Дневники Окрестина. Эпизод 4: Словарь

Кулинары Окрестина: В сутки ― 19000 на заключенного. Три каши, суп, котлета

В твиттере мне советуют каждый день выходить из квартиры с включенным диктофоном. Даже в магазин или вынести мусор. Я так делать не буду, потому что имею право жить спокойно, не боясь. После того, что произошло 22 июня, я знаю: доказательства того, что я не матерился / не потреблял / не верблюд, могут понадобится в любой день. Но основание ли это превратить свою жизнь в ежедневный шухер?

Но обо всем по порядку.

Задержание

Утром я выхожу из дома, немного опаздывая на работу. Иду очень быстро... Голубой бус Volkswagen Transporter замечаю, только когда два громилы в штатском подходят ко мне на расстояние вытянутой руки.

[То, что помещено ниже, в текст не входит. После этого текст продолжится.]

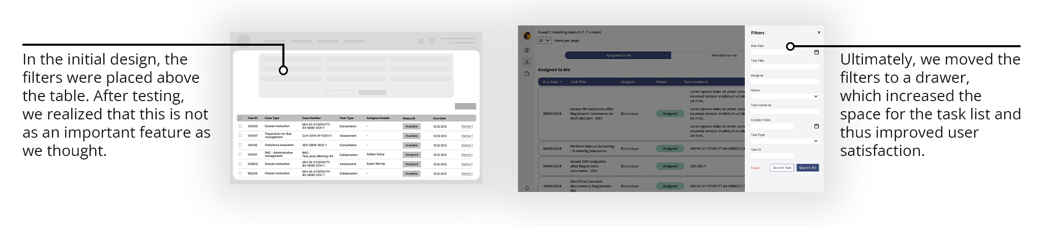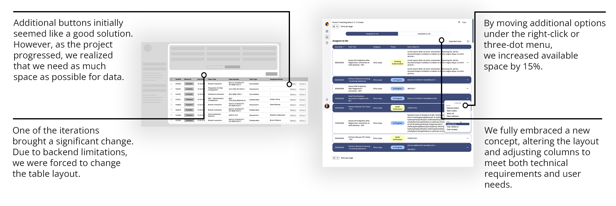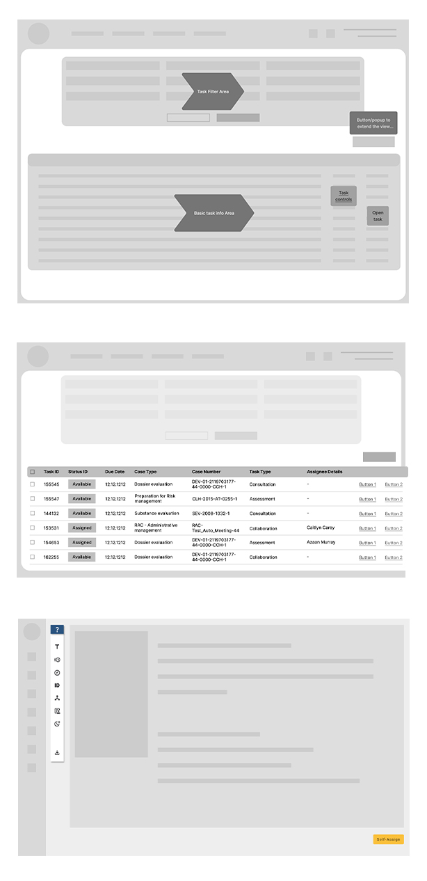 We planned a central hub that integrates all modules, featuring a task list and an open task view to maintain user focus on tasks while displaying necessary information simultaneously.

Надо сказать, что когда в Малиновке на улице тебя останавливают здоровые парни, отнюдь не факт, что это сотрудники милиции. Но я слышу настойчивое: "Пройдемте!". Прошу представиться, не надеясь, что громилы покажут удостоверения. Просто хочу, чтобы они сделали это "обязательное" нарушение при задержании "политических". Естественно, никаких бэджей мне не показывают.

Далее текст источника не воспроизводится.